LumpySpacedPrincess Sat 18-Jun-16 17:47:31

What was he like before?

Is he kind, does he share with you, is he financially supportive?

Tummyclutter Sat 18-Jun-16 17:50:50

Do you still have enjoy each other's company sometimes, or is it a constant struggle?

amarmai Sat 18-Jun-16 18:01:24

Yy to seeing a counsellor and a lawyer too. Scouts' motto--Be prepared-- especially as you have a new baby and another 2 dcc.

daisychain01 Sat 18-Jun-16 18:02:02

Firstly, try if possible not to take on all the blame for this, it does take two in a marriage and it seems you have been self aware enough to change a few things.

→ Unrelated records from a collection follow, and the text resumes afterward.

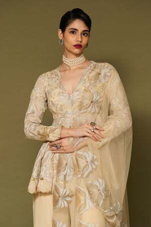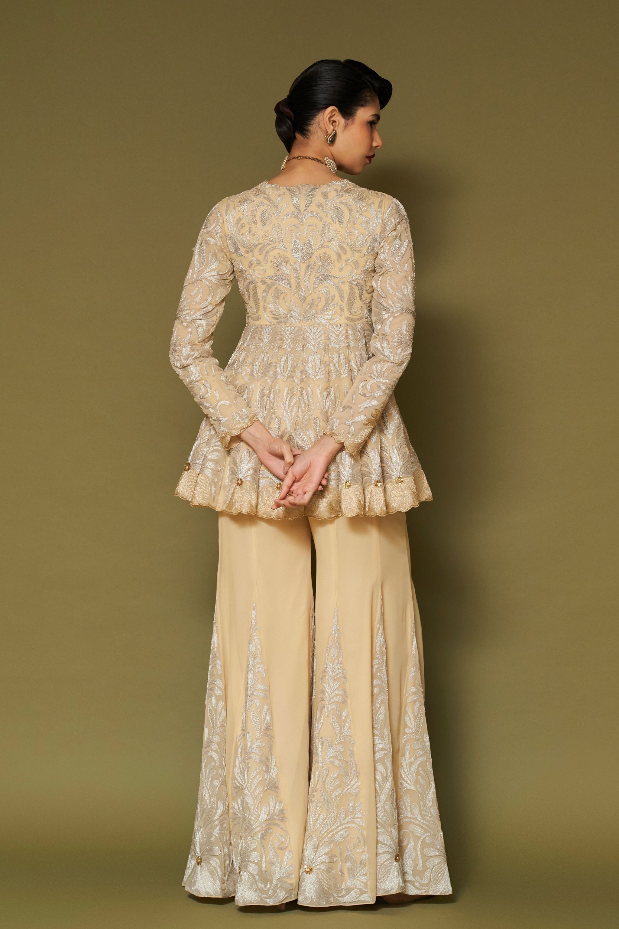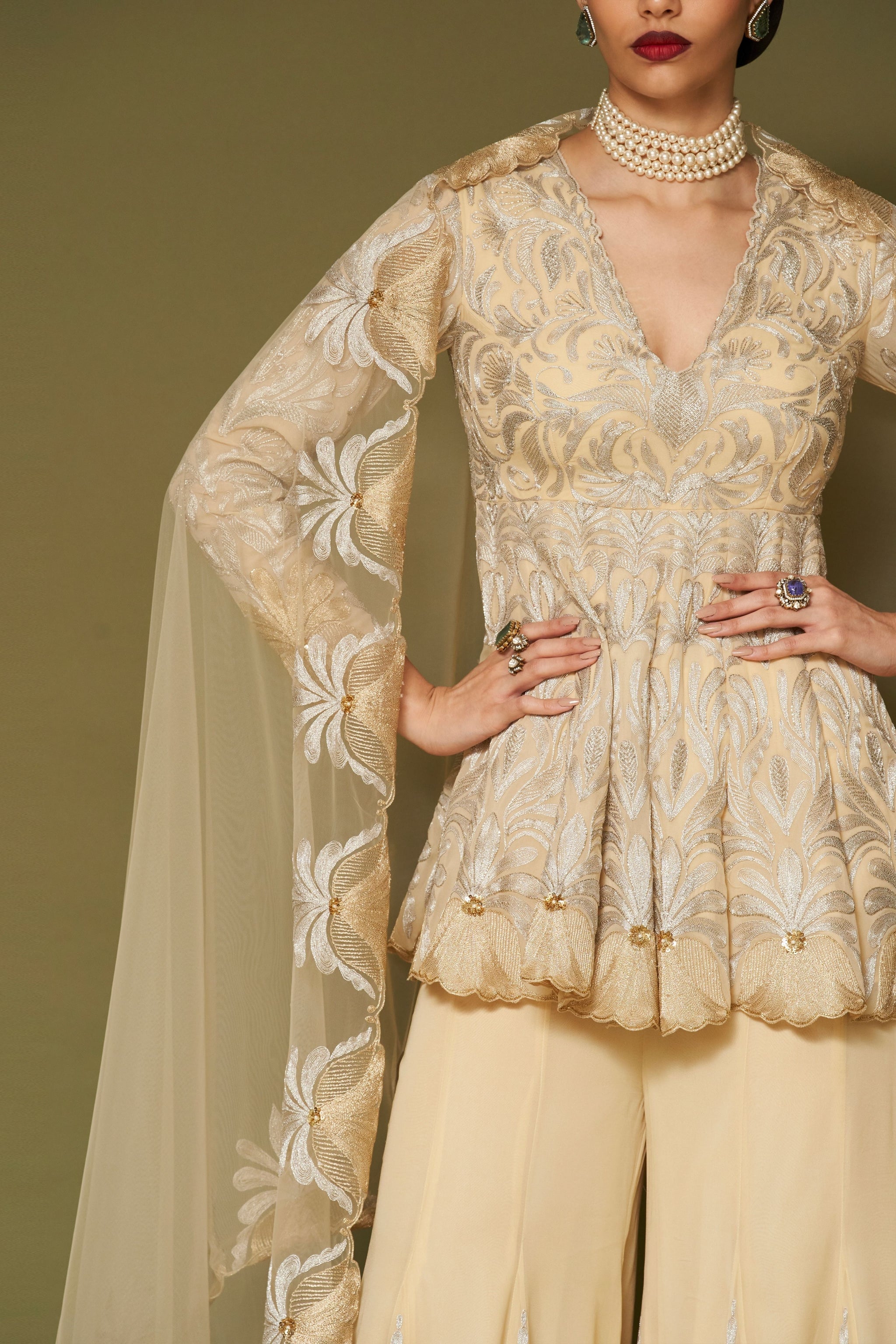 • Crafted in fluid georgette, this butter yellow sharara set features a richly embellished peplum short kurta paired with a flowy sharara. Accentuated with intricate zari work and delicate hand embroidery, the look is completed with a beautifully adorned net dupatta that adds a soft, elegant finish to the ensemble.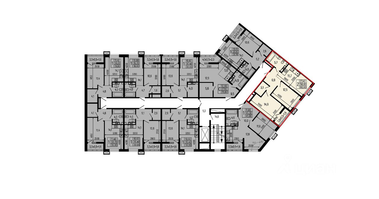 60,6 м²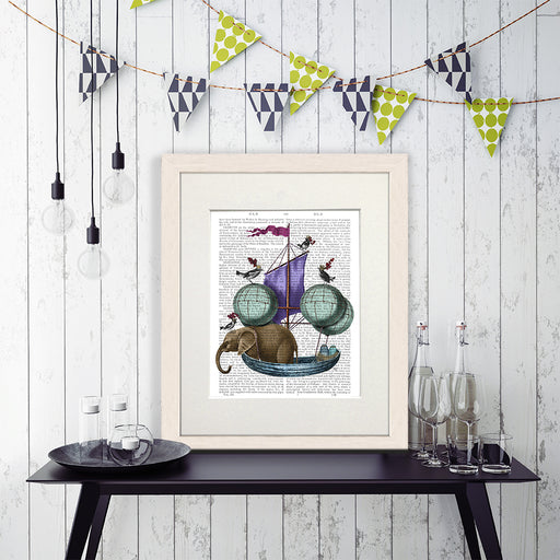 Elephant in Airship with Owls & Birds, Book Print, Art Print, Wall Art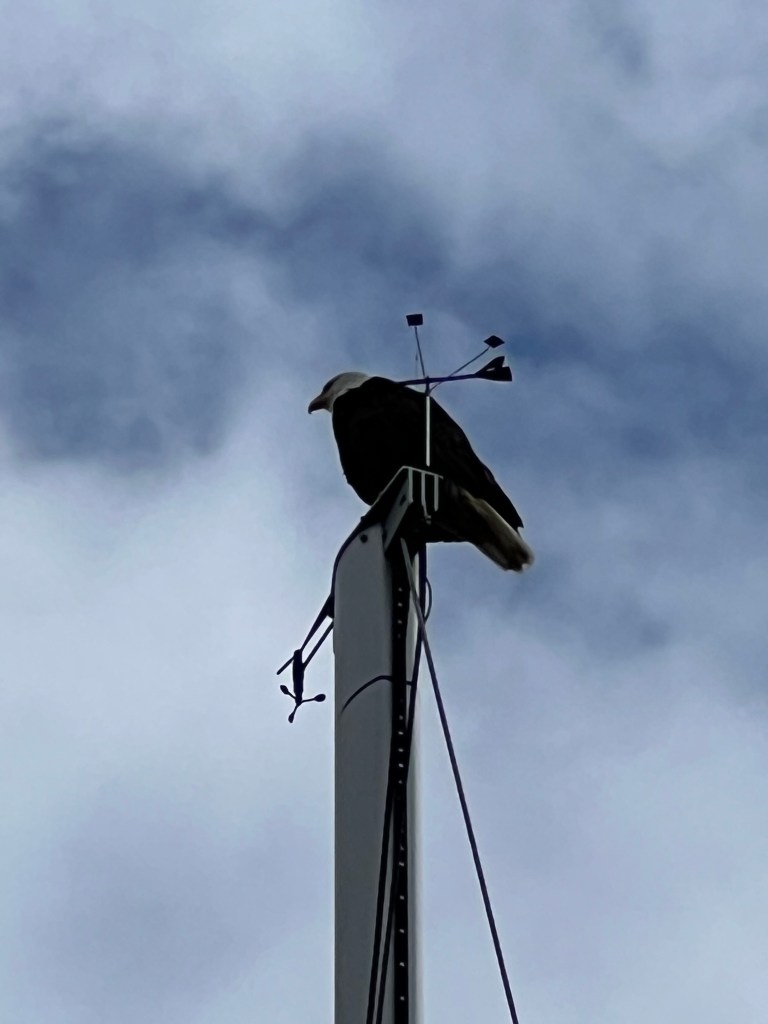 We spent two days in Port Hardy, and it was nice to have a day without moving after making some good progress to the northwest from Vancouver that week. We were entertained by a bald eagle taking a liking to our tall mast in the harbor – at least until I discovered that he’d roosted there overnight, leaving behind a job of deck cleaning for me! We also saw our first sea otters up close here, after passing a rack of them in the strait on the way up from Alert Bay.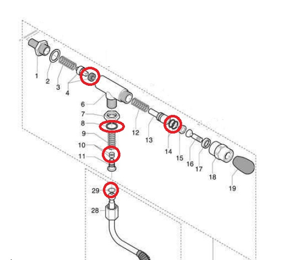 8Vooral dat 4-kante busje van het ventiel (nr 4) eraf draaien moet je heel voorzichtig doen. Dat breekt zo af. Maar je moet het losdraaien, anders kan je het rubbertje niet vervangen.

How about carving out some time where you can ask friends or family to take care of your DC and have.a proper heart to heart.

Sometimes stress does awful things, the walls close in etc.

FurryLittleTwerp Sat 18-Jun-16 18:05:21

I think he's having an affair - sorry sad

Fomalhaut Sat 18-Jun-16 18:08:00

You're working to improve yourself? That sounds a little worrying - on whose instigation?

How was the relationship before? Respectful? Equal? Do you have full access to shared finances for example?

Petal40 Sat 18-Jun-16 18:10:38

I've been my experience it's an affair...sorry x

LovesPeace Sat 18-Jun-16 18:19:00

I'm so sorry, but I think he's found someone else, and by finding fault with you, is justifying cheating.

I hope I'm wrong.

Tummyclutter Sat 18-Jun-16 18:22:11

There's nothing wrong with working to improve yourself.
It's called emotional intelligence.

Fomalhaut Sat 18-Jun-16 18:42:54

tummy if it's what you want then yes.
If it's foisted on you as a long list of your faults you must fix then no. Too often on here it's the latter - wife told she's nagging, or fat, or frigid etc etc. If it's something you want to do for yourself, then it's fine.

RiceCrispieTreats Sat 18-Jun-16 18:46:32

I can't see anything in your post that shows that something is wrong with your husband. Detached and uncaring, sure. But that's a choice on his part, not a disability.

Do you want to stay married to a detached and uncaring man?

Tummyclutter Sat 18-Jun-16 18:54:58

[Formalhaut] OP didn't say her DH told her to change, she has decided to make her own changes, so unless she says otherwise I stick with what I said.